Since the 1960s citation counts have been the standard for judging scholarly contributions and status, but growing awareness of the strategy’s limitations should lead to acceptance of alternative metrics. Citation analysis drawbacks include lack of timeliness, self citation and citations that are superfluous, negative and incomplete, and traditional counts reflect only a small fraction of actual usage. A better categorization of scholarly impact would cover usage, captures, mentions and social media in addition to citations. Metrics should include mentions in blogs and other nontraditional formats, open review forums, electronic book downloads, library circulation counts, bookmarks, tweets and more. Such alternative metrics provide a more complete view of peer response to scholarly writings and better demonstrate the relative position of a research grant applicant and potential for influential work. Altmetrics are readily available, and their value for evaluating scholarly work should be recognized.

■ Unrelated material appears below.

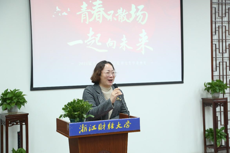 罗书记首先代表学院热烈祝贺全体毕业生圆满完成学业,踏上人生新征程。勉励毕业生牢记浙财校训,做与时代同行的人,自觉肩负起当代青年的社会使命和责任,把个人梦想汇入到时代发展的洪流中,立足专业与学科,讲好中国故事,传播好中国声音,让奋斗的青春与家国的情怀共振。

impact of scholarly output
Bulletin, April/May 2013
Are Alternative Metrics Still Alternative?
by Mike Buschman and Andrea Michalek
Citation counts have long been the tried and true measure of academic research usage and impact. Specifically, published articles in prominent journals citing other published articles in other prominent journals equate to prestige and tenure. This scheme for determining impact was developed in the 1960s, and while so much else about collecting and disseminating information has changed since that time, the citation count mechanism continues to dominate the way research is evaluated. Yet, there are many well-known problems with this system.
The most obvious problem is that, as the pace of scholarly communication and science advancement has increased, citation analysis is a lagging indication of prestige. Brody and Harnad  found that it takes five years for a paper in physics to receive half of the cited-by references that the article will ever acquire. Another issue is self-citation. While there are often very good reasons authors cite themselves in an article, it is also a practice that has been criticized as a tool to increase citation counts and thus potentially artificially inflate prestige and influence. Another is the known practice of publications pressuring academics to pad their papers with superfluous citations. This pressure is applied for a variety of reasons, the most nefarious being that publishers can elevate the status of their own journals with increased citations. Then there is the problem of negative citations. Just because a paper is cited does not mean that it is cited positively; yet, there is no distinction between positive and negative references when evaluating citations counts.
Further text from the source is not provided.